**HOW TO COMPLETE THIS TASK:** Take the line containing "Порт Ethernet позволит" and every line after it to the end of the records, and copy them exactly, leaving out pictures.

(Data records)
* * * *
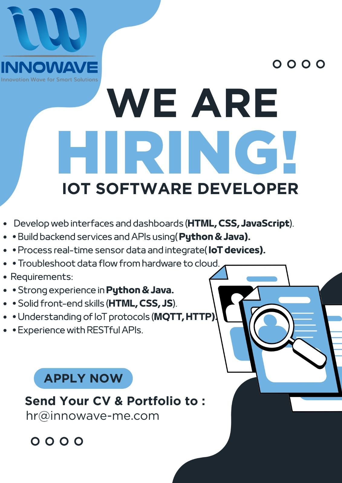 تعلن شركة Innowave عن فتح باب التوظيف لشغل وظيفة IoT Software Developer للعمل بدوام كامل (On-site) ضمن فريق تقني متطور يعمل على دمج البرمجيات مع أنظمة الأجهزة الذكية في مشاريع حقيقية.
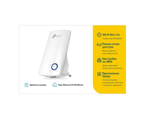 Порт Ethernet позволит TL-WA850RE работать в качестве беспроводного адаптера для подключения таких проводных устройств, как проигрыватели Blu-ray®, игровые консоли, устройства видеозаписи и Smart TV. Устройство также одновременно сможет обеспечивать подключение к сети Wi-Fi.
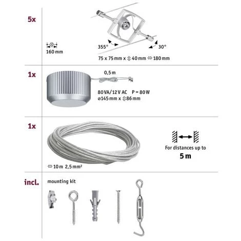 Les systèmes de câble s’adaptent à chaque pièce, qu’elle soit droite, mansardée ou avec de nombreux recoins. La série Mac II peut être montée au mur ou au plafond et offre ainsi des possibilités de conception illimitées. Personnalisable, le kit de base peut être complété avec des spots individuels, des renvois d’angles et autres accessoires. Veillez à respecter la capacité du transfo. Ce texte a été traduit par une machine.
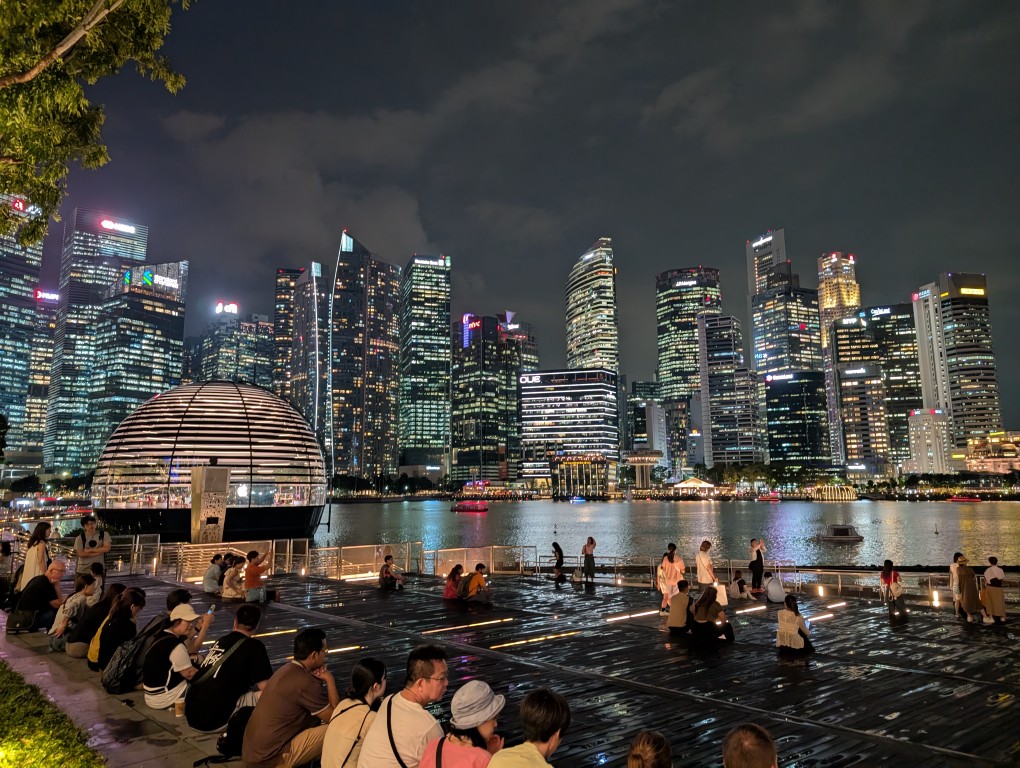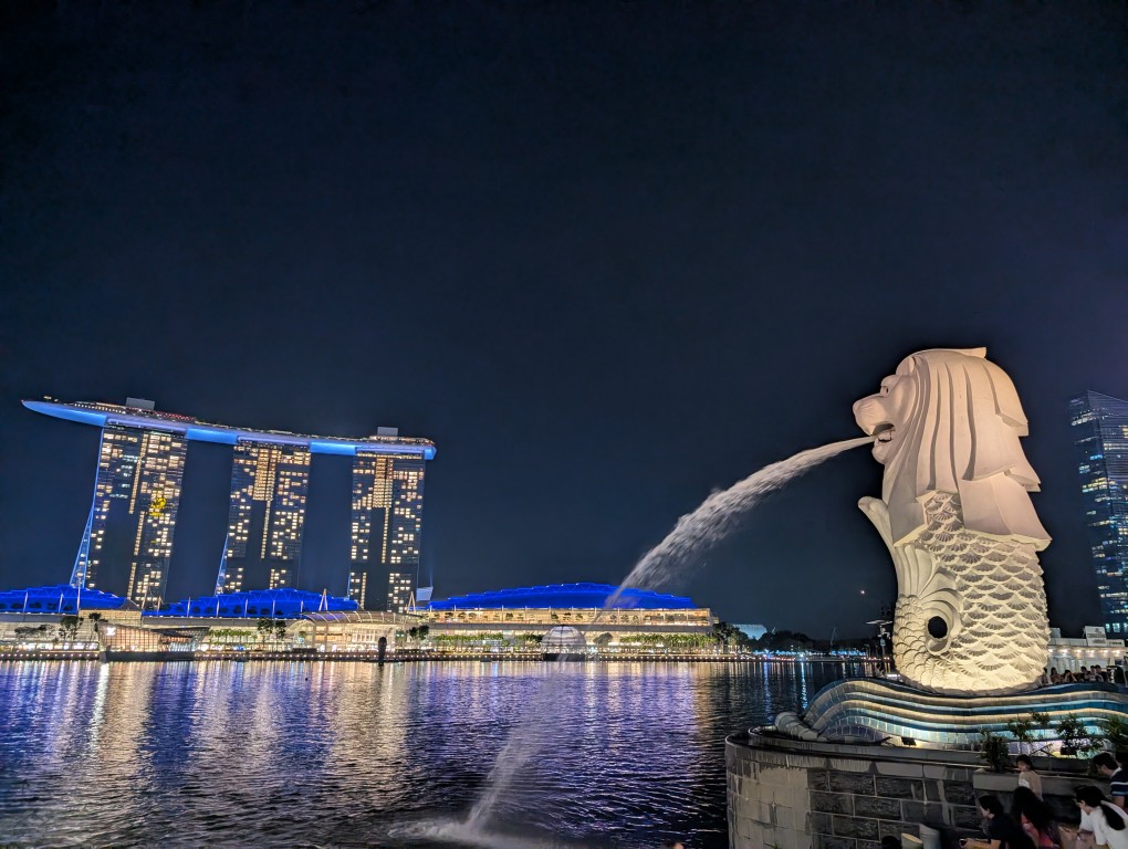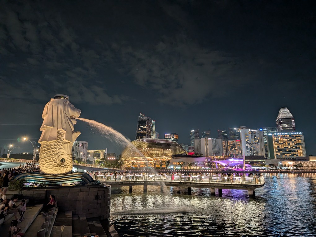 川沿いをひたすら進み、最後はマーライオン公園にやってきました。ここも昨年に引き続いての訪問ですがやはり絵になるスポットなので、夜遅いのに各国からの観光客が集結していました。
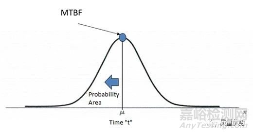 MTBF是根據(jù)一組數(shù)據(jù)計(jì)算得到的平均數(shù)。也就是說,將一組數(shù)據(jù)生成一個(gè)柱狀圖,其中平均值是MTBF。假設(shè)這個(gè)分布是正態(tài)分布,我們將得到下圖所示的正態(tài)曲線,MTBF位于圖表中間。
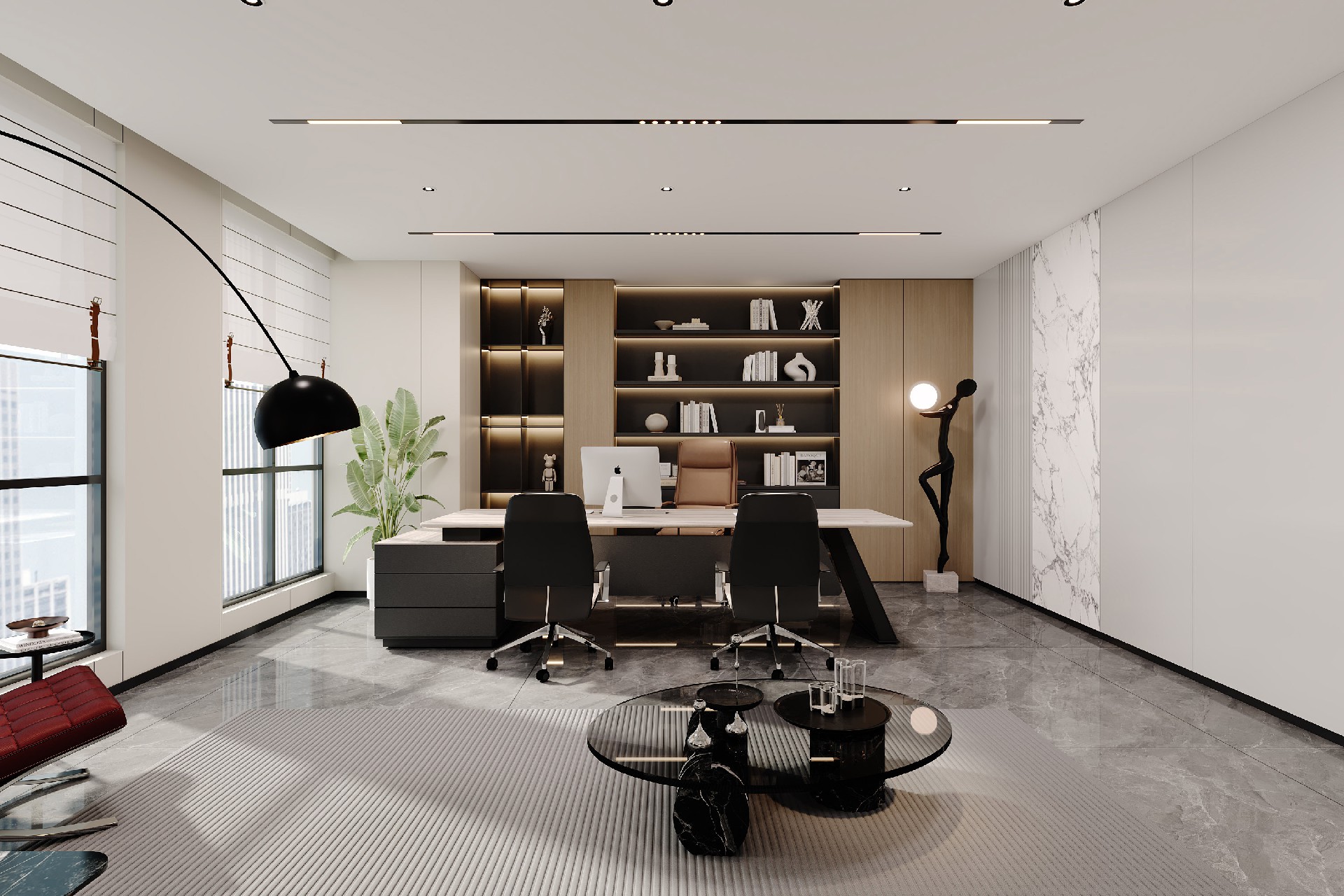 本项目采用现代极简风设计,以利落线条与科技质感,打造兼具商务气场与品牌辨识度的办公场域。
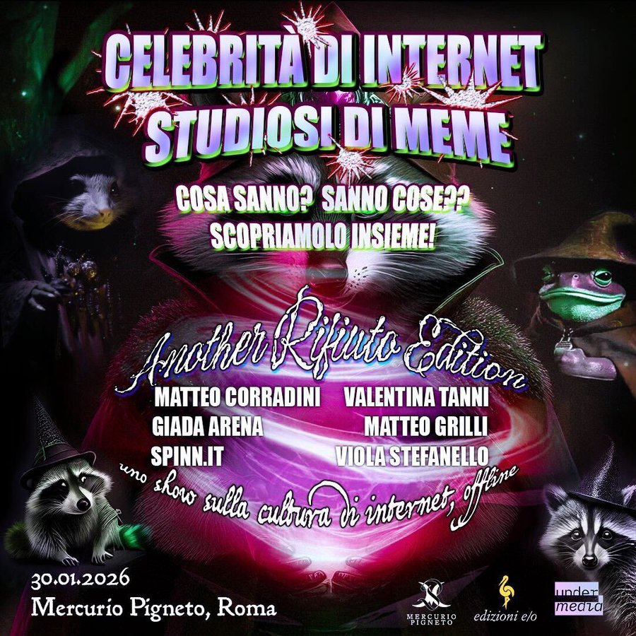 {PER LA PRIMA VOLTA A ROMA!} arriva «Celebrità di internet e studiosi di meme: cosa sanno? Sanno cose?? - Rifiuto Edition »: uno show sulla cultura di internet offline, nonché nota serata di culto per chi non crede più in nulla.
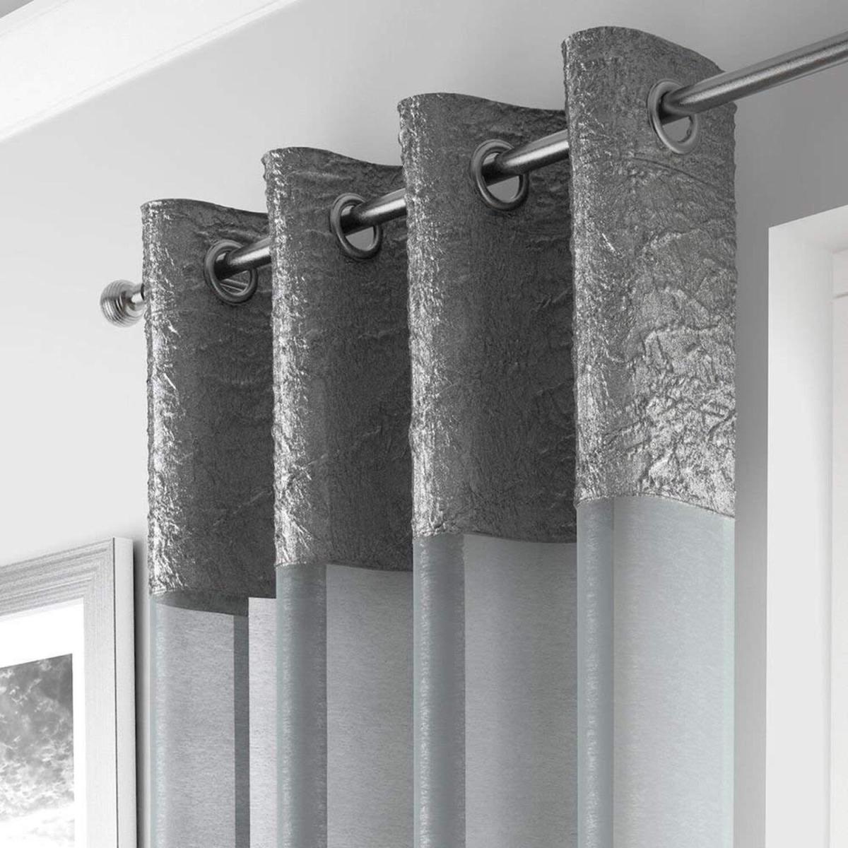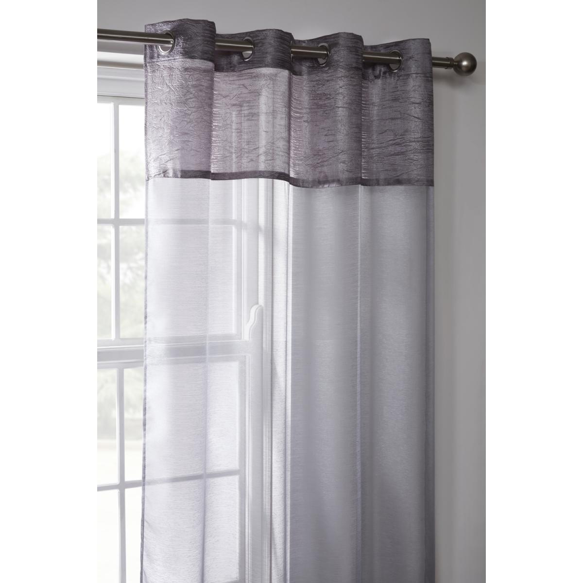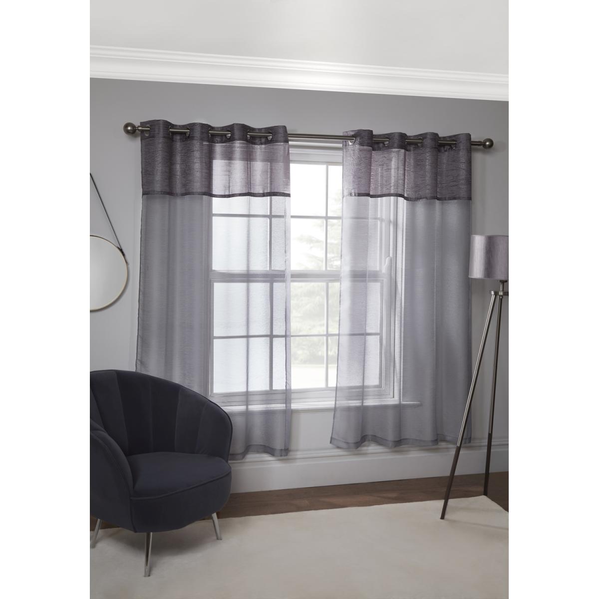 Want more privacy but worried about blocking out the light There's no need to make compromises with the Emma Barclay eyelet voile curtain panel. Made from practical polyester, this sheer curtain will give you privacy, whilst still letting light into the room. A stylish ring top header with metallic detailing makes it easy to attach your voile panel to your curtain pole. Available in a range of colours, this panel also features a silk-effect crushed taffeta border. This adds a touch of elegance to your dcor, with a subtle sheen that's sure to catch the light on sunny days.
* * * *
**ANSWER TO THIS TASK:**
 Порт Ethernet позволит TL-WA850RE работать в качестве беспроводного адаптера для подключения таких проводных устройств, как проигрыватели Blu-ray®, игровые консоли, устройства видеозаписи и Smart TV. Устройство также одновременно сможет обеспечивать подключение к сети Wi-Fi.
 Les systèmes de câble s’adaptent à chaque pièce, qu’elle soit droite, mansardée ou avec de nombreux recoins. La série Mac II peut être montée au mur ou au plafond et offre ainsi des possibilités de conception illimitées. Personnalisable, le kit de base peut être complété avec des spots individuels, des renvois d’angles et autres accessoires. Veillez à respecter la capacité du transfo. Ce texte a été traduit par une machine.
 川沿いをひたすら進み、最後はマーライオン公園にやってきました。ここも昨年に引き続いての訪問ですがやはり絵になるスポットなので、夜遅いのに各国からの観光客が集結していました。
 MTBF是根據(jù)一組數(shù)據(jù)計(jì)算得到的平均數(shù)。也就是說,將一組數(shù)據(jù)生成一個(gè)柱狀圖,其中平均值是MTBF。假設(shè)這個(gè)分布是正態(tài)分布,我們將得到下圖所示的正態(tài)曲線,MTBF位于圖表中間。
 本项目采用现代极简风设计,以利落线条与科技质感,打造兼具商务气场与品牌辨识度的办公场域。
 {PER LA PRIMA VOLTA A ROMA!} arriva «Celebrità di internet e studiosi di meme: cosa sanno? Sanno cose?? - Rifiuto Edition »: uno show sulla cultura di internet offline, nonché nota serata di culto per chi non crede più in nulla.
 Want more privacy but worried about blocking out the light There's no need to make compromises with the Emma Barclay eyelet voile curtain panel. Made from practical polyester, this sheer curtain will give you privacy, whilst still letting light into the room. A stylish ring top header with metallic detailing makes it easy to attach your voile panel to your curtain pole. Available in a range of colours, this panel also features a silk-effect crushed taffeta border. This adds a touch of elegance to your dcor, with a subtle sheen that's sure to catch the light on sunny days.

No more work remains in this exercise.